Metadata means information about the data, such as:

table name
schema columns
owner
permissions
table location
whether it is managed or external

What is actual data?

Actual data means:

Parquet files
Delta files
Iceberg files
documents in volumes
data files in cloud object storage

Part 6: Managed versus external data

This is one of the most useful ideas in Databricks.

Managed tables

A managed table means Databricks manages the table’s storage location based on the managed storage location configured at the metastore, catalog, or schema level.

Use managed tables when:

you want simpler lifecycle management
you want stronger governance
you want the easiest Databricks-native experience

External tables

An external table means the data already exists in your cloud storage, and you register it in Unity Catalog.

Use external tables when:

you already have data in S3 or ADLS
multiple systems share the same files
you want storage independence
your data lake existed before Databricks

Diagram: managed versus external

flowchart TD
    UC[Unity Catalog]
    UC --> MT[Managed Table]
    UC --> ET[External Table]

    MT --> ML[Managed Storage Location]
    ML --> OBJ1[Cloud Object Storage Managed by Databricks Rules]

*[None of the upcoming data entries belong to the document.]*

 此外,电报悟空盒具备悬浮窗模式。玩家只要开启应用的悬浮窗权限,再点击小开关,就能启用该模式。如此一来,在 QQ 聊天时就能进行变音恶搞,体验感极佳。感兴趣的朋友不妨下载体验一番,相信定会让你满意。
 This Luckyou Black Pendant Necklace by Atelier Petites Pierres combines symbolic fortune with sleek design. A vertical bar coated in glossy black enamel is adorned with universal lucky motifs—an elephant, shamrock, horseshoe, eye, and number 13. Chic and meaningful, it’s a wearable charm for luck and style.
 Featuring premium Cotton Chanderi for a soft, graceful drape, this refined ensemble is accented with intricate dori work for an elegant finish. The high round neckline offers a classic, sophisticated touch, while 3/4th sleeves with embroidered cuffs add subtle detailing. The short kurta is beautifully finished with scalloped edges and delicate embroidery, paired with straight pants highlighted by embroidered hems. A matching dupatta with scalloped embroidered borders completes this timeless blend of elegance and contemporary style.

    ET --> EX[External Location]
    EX --> OBJ2[Existing S3 or ADLS or GCS Path]

Rule of thumb

For greenfield adoption, managed tables are often simpler
For existing enterprise lake storage, external tables are common

Part 7: What is created where

Workspace: where it is created

A workspace is created in the Databricks account layer.

Depending on cloud and workspace type:

classic workspace
serverless workspace

A workspace is associated with a region and cloud platform.

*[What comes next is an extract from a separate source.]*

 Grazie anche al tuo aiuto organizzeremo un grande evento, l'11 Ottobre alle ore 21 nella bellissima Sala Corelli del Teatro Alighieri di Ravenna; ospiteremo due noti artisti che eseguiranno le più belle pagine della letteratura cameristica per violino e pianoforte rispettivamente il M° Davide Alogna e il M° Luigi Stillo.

Metastore: where it is created

A metastore is created at the Databricks account level and linked to one or more workspaces in the same region.

You typically create:

one metastore per region

not:

one metastore per user
one metastore per notebook
one metastore per team unless there is a strong isolation reason

Catalog: where it is created

Catalogs are created inside the metastore.

Examples:

finance
sales
sandbox
ml

Schema: where it is created

Schemas are created inside a catalog.

Examples:

raw
curated
analytics

Table: where it is created

Tables are created inside a schema.

Examples:

finance.analytics.invoices
sales.raw.orders

Part 8: Why workspace creation asks AWS account or serverless, but metastore creation does not

This is one of the most important points.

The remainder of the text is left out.